Previous studies have reported that having both the BRAF and RET/PTC gene mutations in a single tumor is quite rare. In the second study, Guerra and researchers reported how often both mutations were found in 72 Italian patients with papillary thyroid cancer to show whether having dual mutations may carry a unique prognosis. The BRAF mutation was found in 44.4% of the cancers, of which 36.1% also had the RET/PTC mutation. The RET/PTC was found in 69.5% of the cancers, of which 30.5% also had the BRAF mutation. Positive mutations of both genes were not more common in the patients with Stage IV thyroid cancer. The main conclusion is that although both the BRAF and RET/PTC mutations were more frequently found in this group of papillary thyroid cancer patients, this does not necessarily indicate a worse prognosis.
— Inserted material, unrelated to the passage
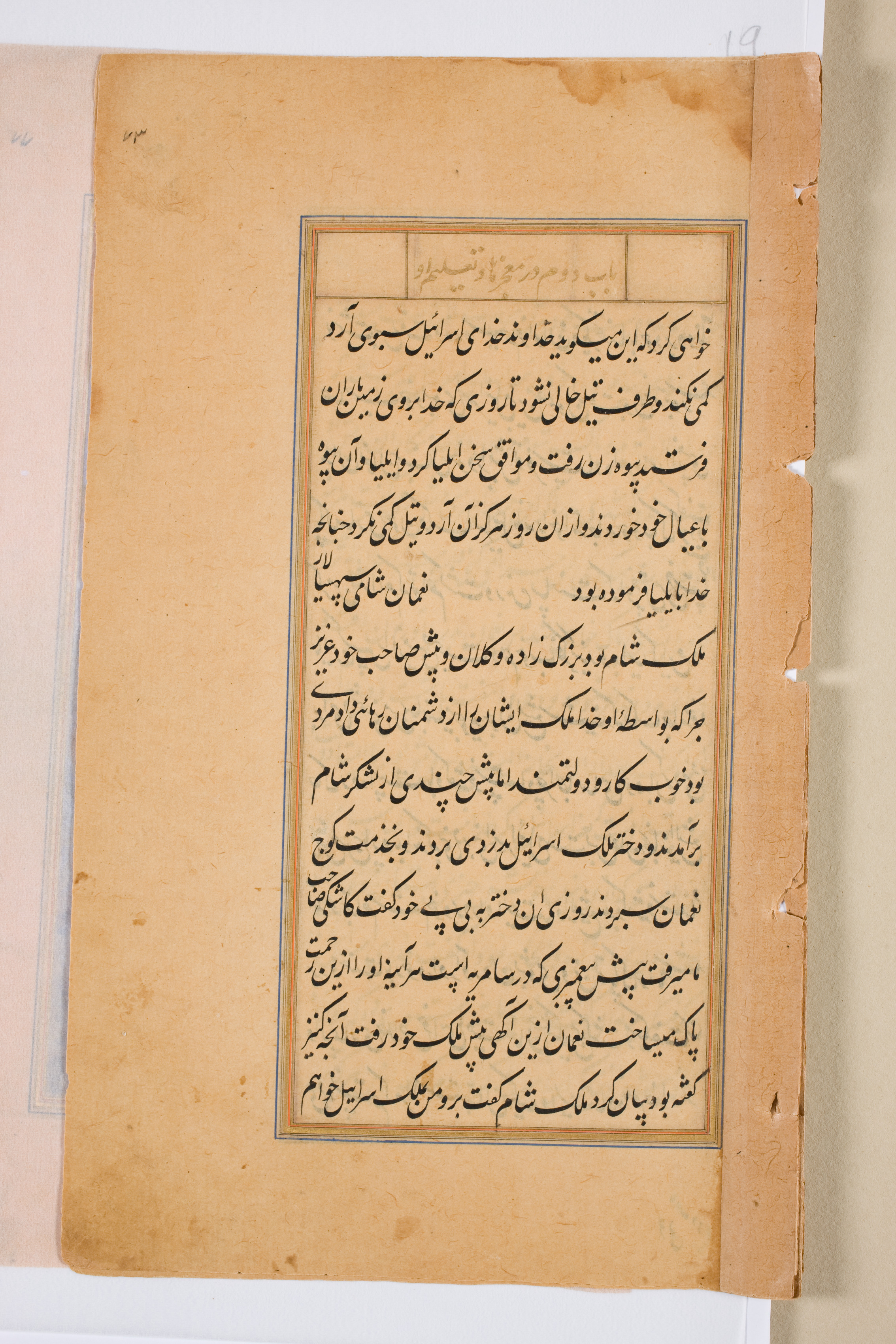 The image shows a yellowed, aged page with a central rectangular text box containing black script written in a language that appears to be Arabic or Persian. The text box has a thin blue border. The top of the page has a slightly darker yellow rectangle with more script. The page is slightly torn at the top and right edges, with small pieces missing. The page is set against a white background.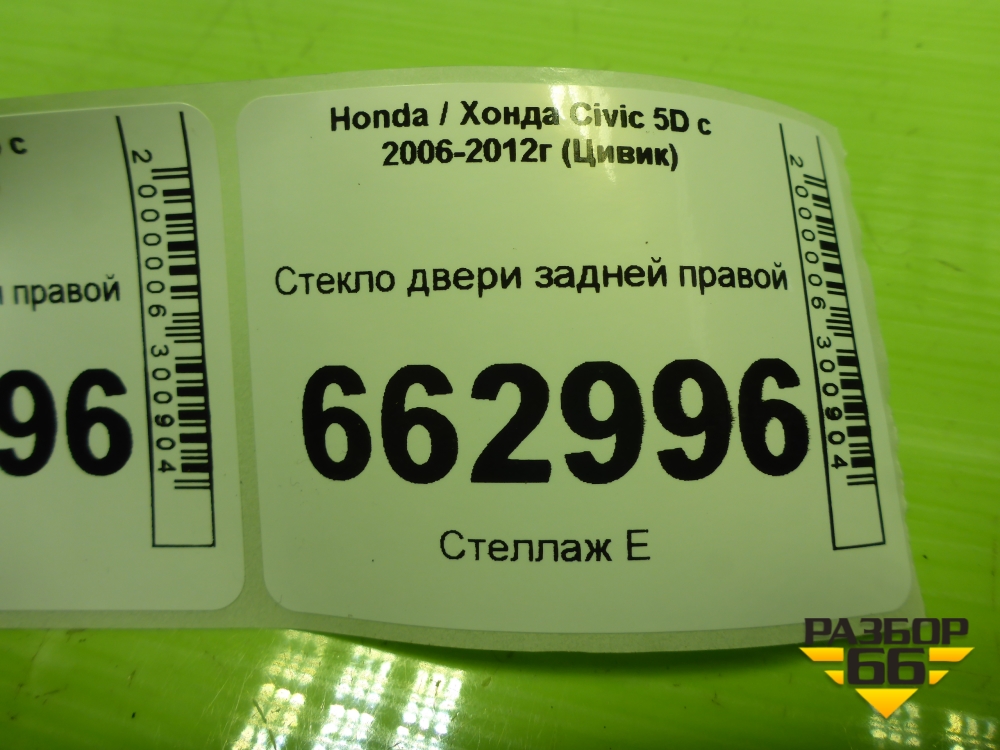 Стекло двери задней правой (73400SMGE00) для Honda Civic 5D с 2005-2011г (Цивик) в Москве

These two studies report on the frequencies of two common thyroid cancer gene mutations, BRAF and RET/PTC in patients with papillary thyroid cancer living in Poland and Italy. Published literature has reported that these mutations usually signal more aggressive disease at initial diagnosis and during longterm monitoring. The main findings from these current studies were that the BRAF mutation in patients with micropapillary thyroid cancers and both the BRAF and RET/PTC mutations in patients with all sizes of papillary thyroid cancers do not necessarily suggest more aggressive disease. Further research is needed to show whether these findings are similarly applicable for papillary thyroid cancer patients living in the U.S. using larger groups of patients with longer follow-up.